All patients whose initiation of treatment was recorded in SINAN were included, and no losses or exclusions occurred.
Two structured instruments were used for data collection along with each patient’s general registration form: a questionnaire with sociodemographic, clinical, and epidemiological data, which was used to interview patients undergoing treatment in the four centers where direct follow-up occurred and a structured general form to collect data on patient monthly follow-up (treatment outcomes), medical records, and additional data from the SINAN database (race, HIV test results, and others). The variables were classified into two groups: 1) sociodemographic: gender, age range, race, education, monthly household income, city of residence; 2) clinical and epidemiological: means of entering the health care system (new case or otherwise), clinical presentation, type of presumptive diagnosis, type of follow-up (direct or indirect), serological HIV diagnosis, DOTS recommendation, alcohol consumption in the last year, history of smoking, and drug use in general.
Data on DOTS and race for both groups were obtained from DE and SINAN records.

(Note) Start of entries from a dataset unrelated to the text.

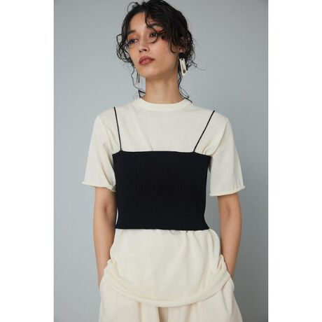バイカラービスチェがセットになったレイヤードTシャツ。カジュアルスタイルの定番半袖Tシャツも、ニット素材にすることでキレイめ見せが出来るアイテム。ビスチェがついている事で様々なコーディネートに取り入れやすく、盛夏の着こなしを楽しませてくれます。イージーケアで使いまわしに便利なので、ワードローブにもっていたい1枚です。Layered knit tops(レイヤード ニット トップス)
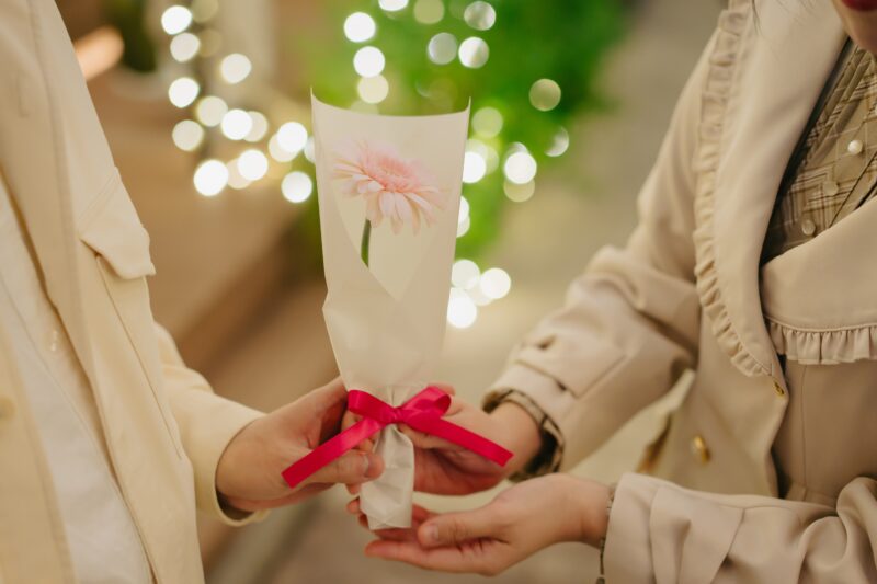 「Thanksフラワー」では、夫から妻へ、妻から夫へ、さらには親から子へ、好きなところや日頃からの“ありがとう” の気持ちを伝えながら、「感謝」の花言葉をもつガーベラをお渡しいただきました。気持ちを伝える側も、受け取る側も、照れながら笑顔があふれる時間でした。
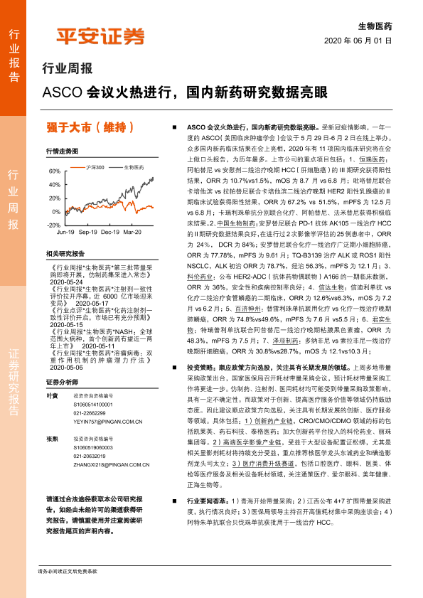 【平安证券】【20200601】生物医药行业周报:ASCO会议火热进行,国内新药研究数据亮眼-6页
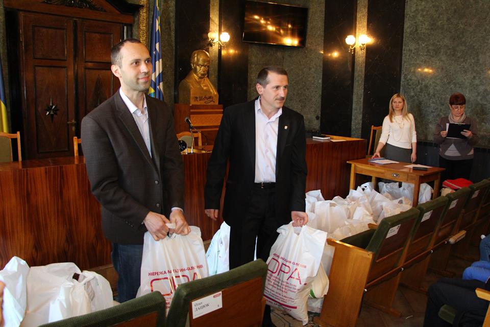 У четвер, 28 квітня, міський голова Тарас Кучма у мармуровій залі Ратуші вручив понад сто святкових подарунків особам, які перебувають на обслуговуванні Дрогобицького міського територіального центру соціального обслуговування пенсіонерів та одиноких непрацездатних громадян. Загалом для осіб цієї категорії осіб центр напередодні Великодня підготував 400 пакунків. Окрім того, за сприяння Дрогобицького міського центру соціальних служб для сім’ї, дітей та молоді продуктові подарунки отримали близько 100 родин. Таку ж кількість наборів до великоднього столу придбало для сімей, у яких є діти-інваліди, управління праці та соціального захисту Дрогобицької міської ради. Урочисто пакунки родинам передав міський голова Тарас Кучма, заразом привітавши їх із прийдешнім святом Воскресіння Христового.
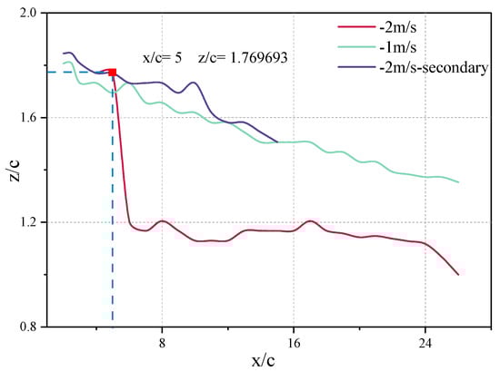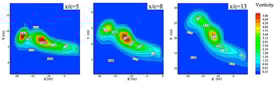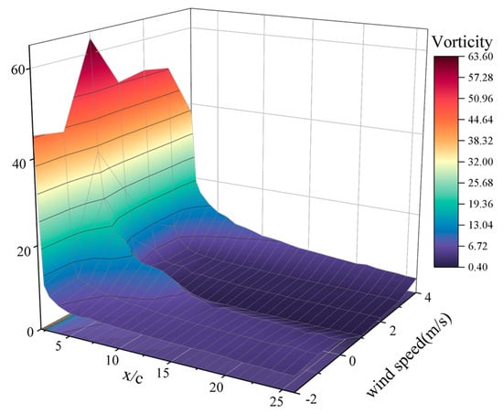 Figure 15 and Figure 16 display the horizontal position of the secondary vortex core and vorticity cloud maps at different places behind the wing. At the x/c = 5 cross-section, the vorticity of the primary and secondary vortex is consistent. However, the vorticity decay rate and horizontal position change in the two vortices show different trends. The vorticity of the secondary vortex decays more rapidly, and by the x/c = 15 cross-section, it has attached itself to the outside of the primary vortex and merged with it. The horizontal position reduction in the secondary vortex is consistent with the conditions under −1 m/s wind speed.

Data on education level, age, place of residence, HIV diagnosis, and gender were obtained from DE and SINAN records for the indirectly followed up group and by interviews or direct observation of medical records for the directly followed up patients in the specific case of HIV diagnosis. The health care service required proof of residence for both groups.
The directly followed up patients were systematically interviewed to obtain data on their history of smoking, alcohol consumption, and drug use. For the other patients, this information was not systematically collected by the health care services; therefore, it was used for describing the directly followed up patients but not in the comparison between the two groups.
The structured questionnaire and categories used were the same for both groups.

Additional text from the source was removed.